Since a positive ANA test result is an important component in the diagnosis of patients with possible AARD, clinically irrelevant ANA-positive results, including those related to anti-DFS70 antibodies, have the potential to lead to an incorrect diagnosis, attending concern and anxiety in patients and physicians [9], prescriptions of inappropriate and potentially toxic therapeutics [30]. Hence, as our study shows, it is imperative that samples with DFS staining pattern identified by IIF should be tested for anti-DFS70 antibodies by a specific immunoassay (i.e., ELISA or CIA) and the result should be included in the laboratory report. In addition, it is advisable that clinicians should not over-interpret positive ANA results in patients with anti-DFS70 antibodies alone but should focus on whether anti-DFS70 is present in isolation (i.e., complimented by the detection of other disease-specific autoantibodies) and more importantly, on the presence or absence of clinical signs and symptoms of AARD.

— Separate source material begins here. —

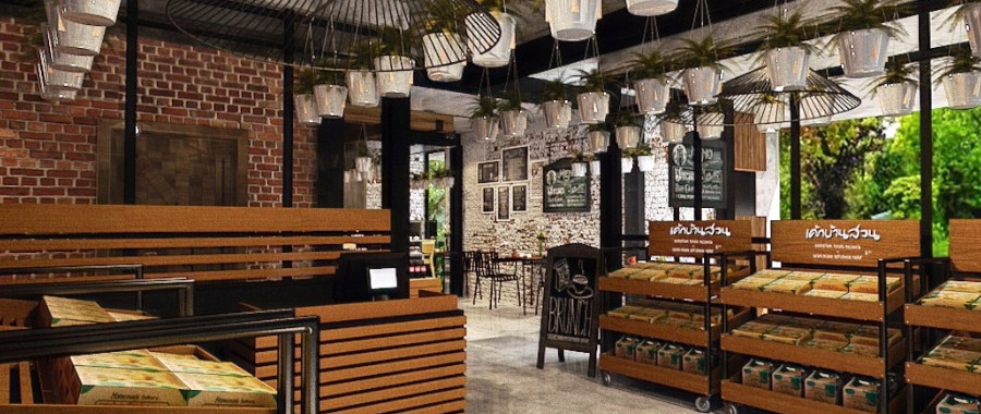 และด้านหน้าโครงการ เราเลือกออกแบบโรงแรมโดยจัดพื้นที่ส่วนหนึ่งให้เป็นร้านกาแฟเล็กๆที่ขายขนมของลูกค้าเองด้วย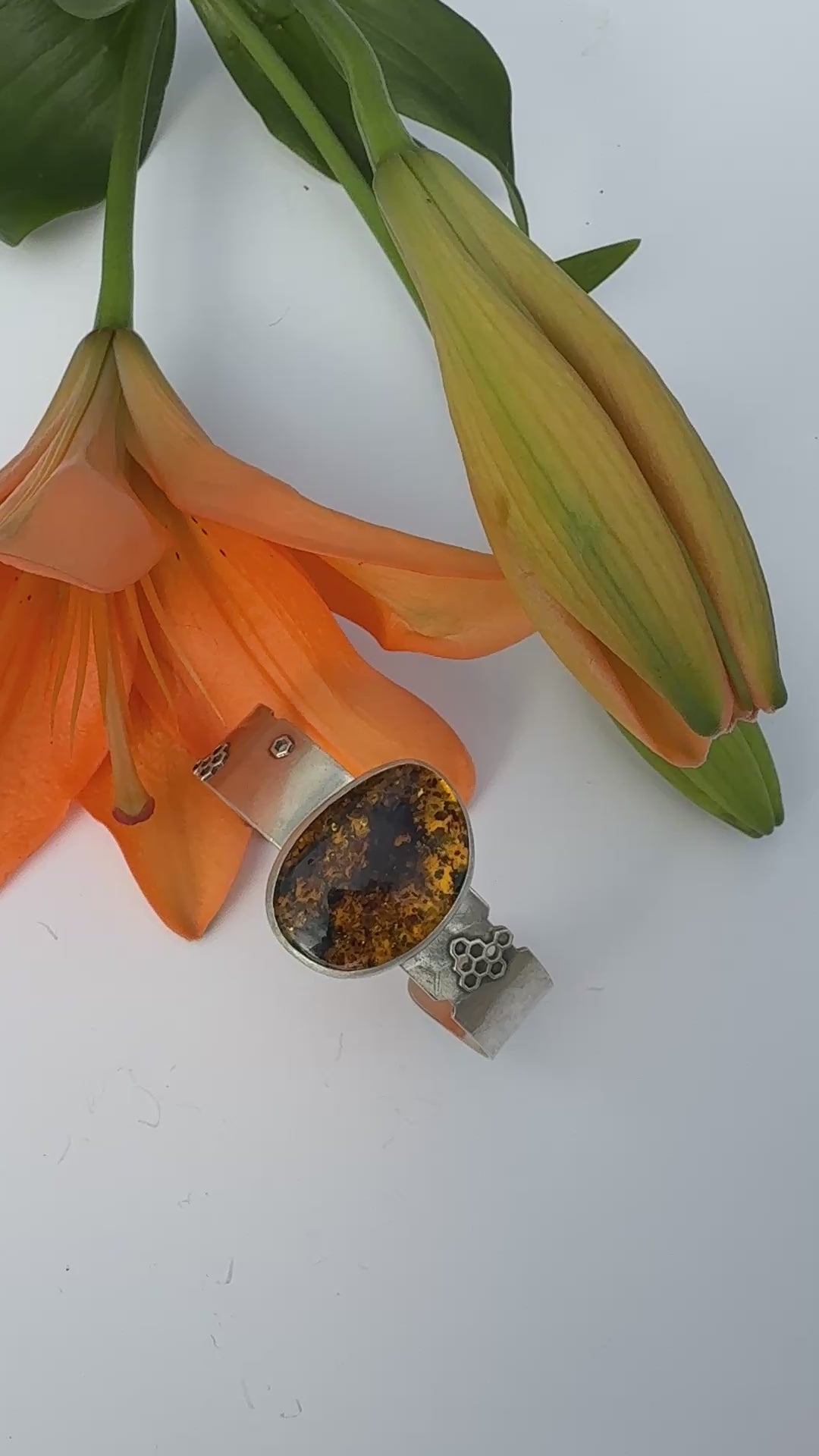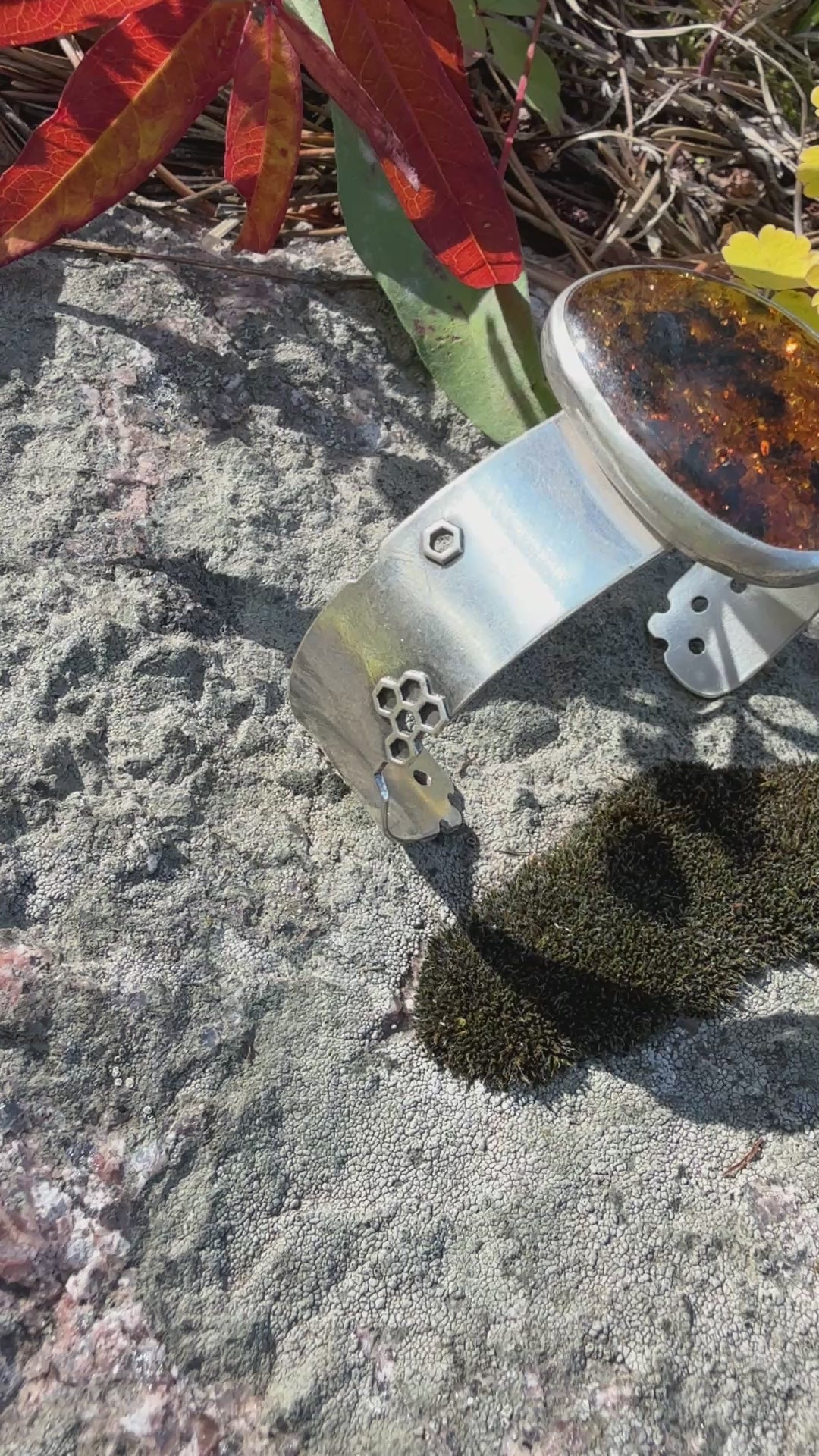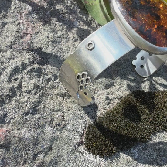 Like honey catching the morning light, the Sunlit Hive Cuff glows with warmth and quiet strength. A luminous Baltic amber rests at its center, rich with the golden hues of ancient forests and the gentle energy of the sun. The hand-textured honeycomb pattern on sterling silver reflects both nature’s geometry and its wild, organic beauty.

The results of our survey need to be considered with caution based on the following shortcomings. First, reading patterns using a picture posted on the web might not deliver the same accuracy as using a microscope. Second, we only used one commercial HEp-2 cell substrate. Significant differences have been described between various IIF staining patterns on HEp-2 cells from different manufacturers [24, 27] and, therefore, it remains unclear if the DFS pattern can be recognized with similar accuracy using slides from a variety of manufacturers. Such variations might be attributed to the media and culture conditions, a variety of fixation methods used for manufacturing of the cell substrates, and various other technical aspects of slide preparation [27]. Although previous data [18] indicate that the DFS pattern can be identified on slides from a number of ANA kit manufacturers, more samples need to be analyzed and a more comprehensive multi-center study is needed to arrive at a conclusion, especially since conflicting results have been published [27].


Recognizing the DFS ANA IIF pattern and mixed IIF patterns composed of DFS plus clinically relevant ANA poses a significant challenge. Consequently, it seems imperative that specific immunoassays are needed to confirm the presence of anti-DFS70 antibodies before definitive results are reported to clinicians.